Railway station in São Paulo, Brazil

Guaianases is a train station on CPTM Line 11-Coral, located in the limits between Lajeado and Guaianases districts, both in the East Side São Paulo.

==History==
In 1987, Governor-elect Orestes Quércia orders to the São Paulo Metropolitan Company a study about the expansion of Metro East-West Line towards Guaianazes. The study results say that just a line expansion would cause its collapse because of overcrowding, indicating that the ideal solution would be revitalize the railway administrated by CBTU. Contradicting studies, Quércia launched the construction on 14 October of that same year. In that moment, the state of São Paulo was in debt with the Brazilian Development Bank (BNDES), causing the constructions to be put on hold until May 1988, when they were resumed. Construction was stopped many times, with the state priorizing the construction of Metro Paulista Branch, until they were completely abandoned in 1992, during Governor Fleury's administration.

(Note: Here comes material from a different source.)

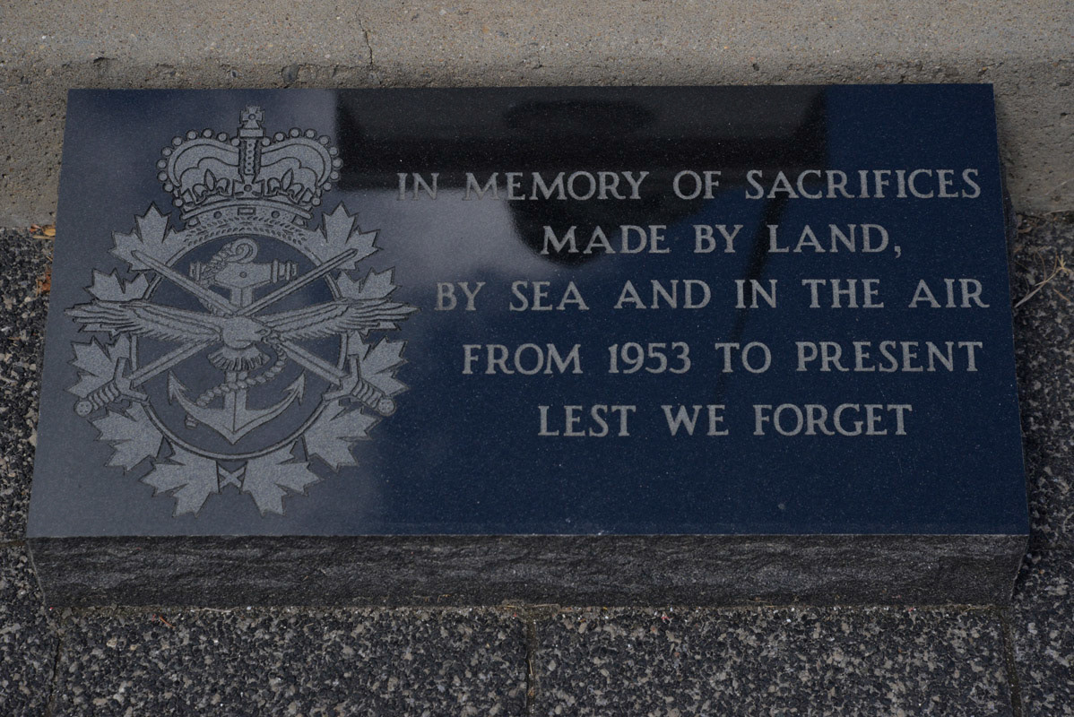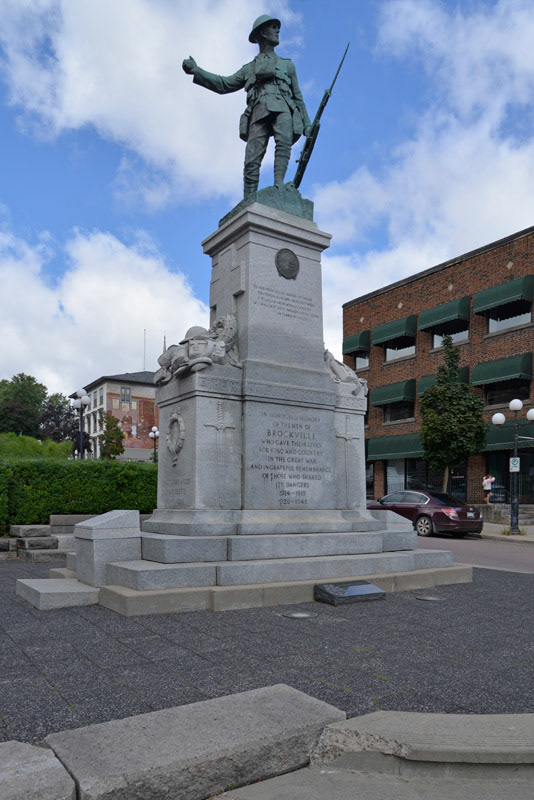 According to Heritage Brockville website the Brockville War Memorial Monument “was erected in 1924 in memory of those citizens of Brockville who died in the First World War. The granite base and shaft supports a bronze figure of a Canadian Infantryman in battle clothing grasping a rifle with fixed bayonet in his extended left arm while in the act of throwing a grenade with his right hand. The monument occupies a central position at the main crossroads of the City. Placed in Court House Avenue the monument was made by the sculptor Nicholas Piroton. The figure was cast by the Allis Chalmers Co. of Toronto. The Memorial was built and erected by McIntosh Granite Co. of Toronto”. These photos were taken in August 2022.

In 1995, in Covas administration, construction was resumed by CPTM, which had financial conditions to assume the construction financial with BNDES, being opened on 27 May 2000.

===Project===
Although its modern conception station, Guaianases doesn't have escalators and elevators, getting complaints from the commuters. Between 2012 and 2014, CPTM hired GP Sistran company to make the basic and executive project for the installing of these equipments. Although the Guaianases accessibility project was signed in to PAC Mobilidade, CPTM had their request denied because of the Brazilian economic crisis, so the project was archived for now.